## [AVAILABLE DATA]
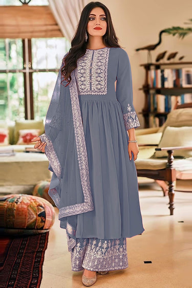 Georgette Fabric Grey Color Function Wear Elegant Pakistani Suit
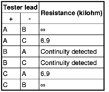 1. Verify that the continuity between the power MOS FET terminals is as indicated in the table.
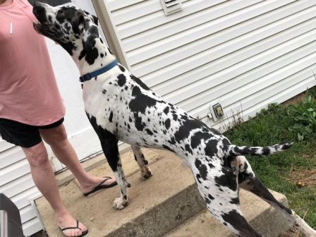 Wilson: is an almost 1.5 year old Harlequin Great Dane. He is FULL of energy and really needs another big playful dog in his new home. Wilson is a really tall dog and weighs in at about 130 pounds currently. Wilson is a big love bug, does the typical Dane Lean, and will sit his butt on your lap if you let him. He is house trained, crate trained, is being neutered in the middle of April, fully vaccinated, and microchipped. Wilson’s ideal home would have an active family that will take him out to do stuff, has another big playful dog, big fenced yard, and a family that will include him in their day to day. He will definitely need some obedience work, and he is a counter surfer. Wilson is a VERY BIG boy so older kids (probably 6 or older) would be best. He takes treats super gently! We adopt to within 12 hours of Boise, Idaho. Fenced yard required. All animals in the home must be fixed. 7/9/20181
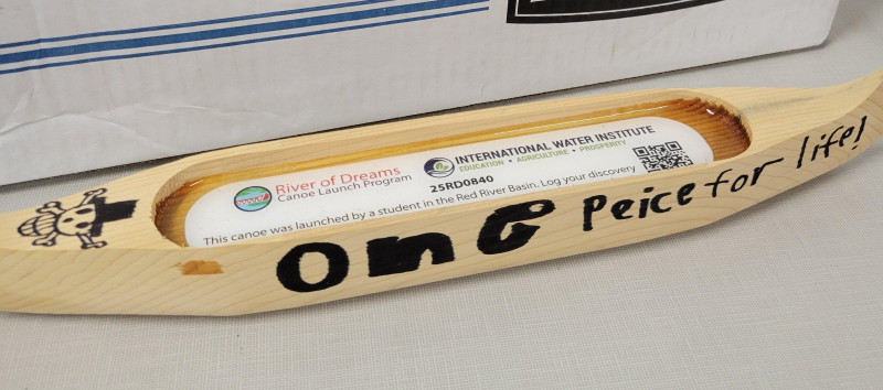 After being launched into the Sheyenne river the canoe gets stuck in a fallen tree. A month later a beaver frees it. Then it continues down river but when the water freezes it gets stuck all winter. After a while it gets picked up by someone on vacation and gets taken 80 miles north and continues to the Hudson bay where it gets to the ocean but is picked up by a freighter and stays in Hudson bay where he ends his journey.
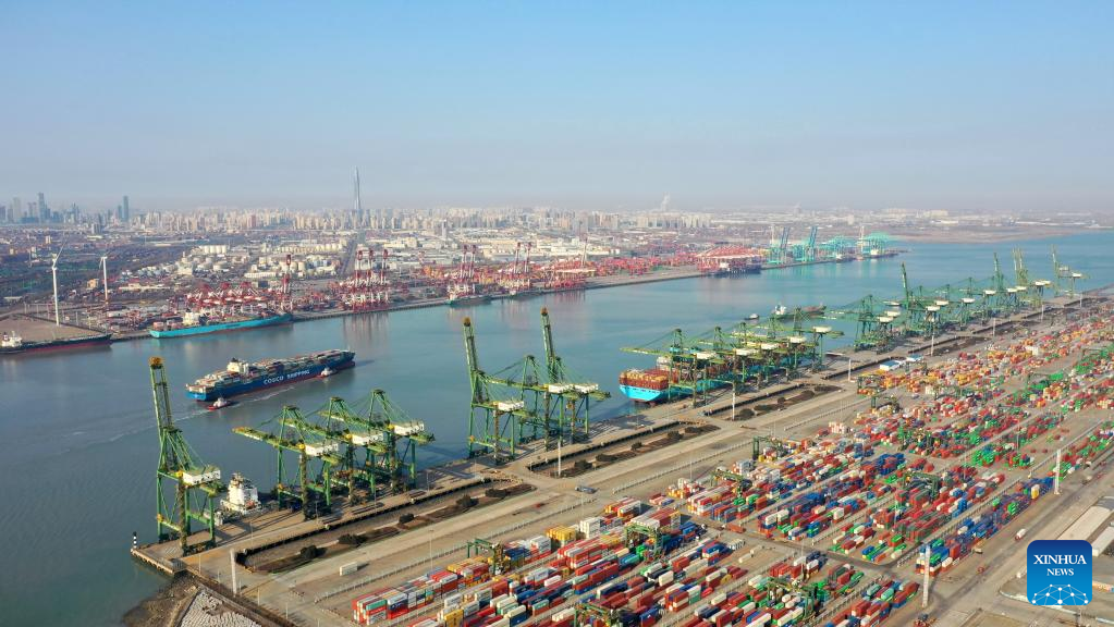 This aerial photo taken on Jan. 10, 2023 shows a container terminal at the Tianjin Port in north China's Tianjin. People's social and economic activities gradually return to normal after China's optimization of its COVID-19 response measures. (Xinhua/Zhao Zishuo)
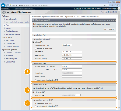 Selezionare la casella di controllo per aggiornare dinamicamente i record DNS quando viene modificato l'indirizzo IP della macchina. [Impostazioni mDNS][Utilizzo mDNS]
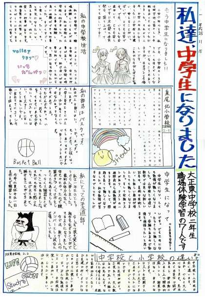◆11月14日・15日、大正東中学校の2年生7人が職場体験学習で、本校を訪れました。7名の中学生は、6年生のとき(平成24年3月)に復興支援のハガキ新聞を作成していましたので、その続きとして、今回は中学校生活を紹介する復興支援壁新聞を作成しました。2年ぶりの復興応援新聞になります。この新聞は、12月12日に、鵜住居小学校に送付しました。
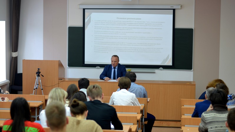 В начале встречи с презентацией итогов исследования «Аудит и оценка проблематики обучения студентов 1-3 курса в НГАСУ (Сибстрин)» выступил представитель студсовета института строительства, студент 4 курса Лев Керман. Исследование было проведено по инициативе Студенческого совета ИС в мае этого года для изучения мнений и потребностей студенческой среды. Его итоги могут быть использованы для улучшения качества образовательной, научной и внеучебной деятельности студентов, выяснения их потребностей в отношении получения знаний и практических навыков по выбранной специальности, социальной поддержки и возможностей роста, а также для улучшения взаимодействия преподавательского состава вуза со студентами. Организаторы социологического исследования проделали большую работу, итогом которой стала сформированная анкета, состоящая из 76 актуальных вопросов, само исследование, анализ данных, выводы и рекомендации. В результате исследования, в котором приняли участие около 150 студентов 1-3 курсов института строительства (36% от списочного состава ИС), были определены положительные и проблематичные, а также мало актуальные направления образовательной и внеучебной деятельности с точки зрения студентов.
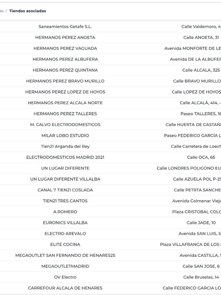 Aquí teneis el listado de comercios adheridos a la subvencion para el cambio de electrodomésticos de la Comunidad de Madrid, pincha sobre cada footo para ampliar.
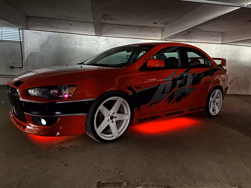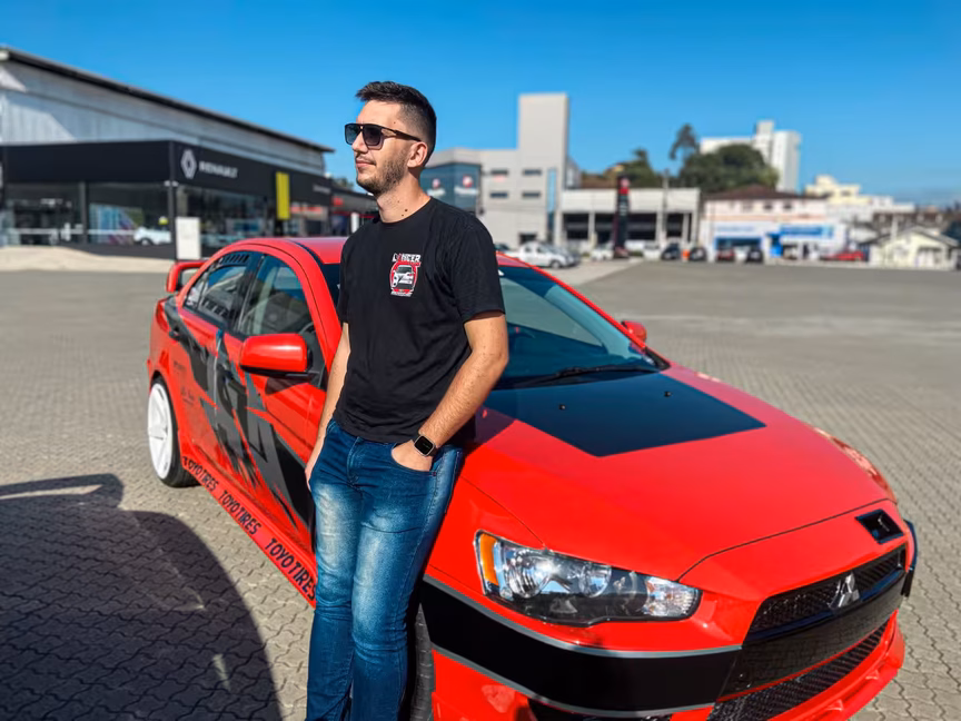 "O meu carro antes era prata, porém, queríamos deixar ele mais diferenciado. Quando fui em um evento automotivo, 'vimos alguns Lancer' em cores exóticas. Naquele momento decidi envelopar ele de azul, porém, por ser fã dos filmes, decidi que faria o carro vermelho (do terceiro filme)", conta.

## [PROBLEM TO SOLVE]
Above are some entries; copy exactly the lines from the line with "1. Verify that" through the line with "Selezionare la casella", both included, but none of the pictures.

## [RESULT BELOW]
 1. Verify that the continuity between the power MOS FET terminals is as indicated in the table.
 Wilson: is an almost 1.5 year old Harlequin Great Dane. He is FULL of energy and really needs another big playful dog in his new home. Wilson is a really tall dog and weighs in at about 130 pounds currently. Wilson is a big love bug, does the typical Dane Lean, and will sit his butt on your lap if you let him. He is house trained, crate trained, is being neutered in the middle of April, fully vaccinated, and microchipped. Wilson’s ideal home would have an active family that will take him out to do stuff, has another big playful dog, big fenced yard, and a family that will include him in their day to day. He will definitely need some obedience work, and he is a counter surfer. Wilson is a VERY BIG boy so older kids (probably 6 or older) would be best. He takes treats super gently! We adopt to within 12 hours of Boise, Idaho. Fenced yard required. All animals in the home must be fixed. 7/9/20181
 After being launched into the Sheyenne river the canoe gets stuck in a fallen tree. A month later a beaver frees it. Then it continues down river but when the water freezes it gets stuck all winter. After a while it gets picked up by someone on vacation and gets taken 80 miles north and continues to the Hudson bay where it gets to the ocean but is picked up by a freighter and stays in Hudson bay where he ends his journey.
 This aerial photo taken on Jan. 10, 2023 shows a container terminal at the Tianjin Port in north China's Tianjin. People's social and economic activities gradually return to normal after China's optimization of its COVID-19 response measures. (Xinhua/Zhao Zishuo)
 Selezionare la casella di controllo per aggiornare dinamicamente i record DNS quando viene modificato l'indirizzo IP della macchina. [Impostazioni mDNS][Utilizzo mDNS]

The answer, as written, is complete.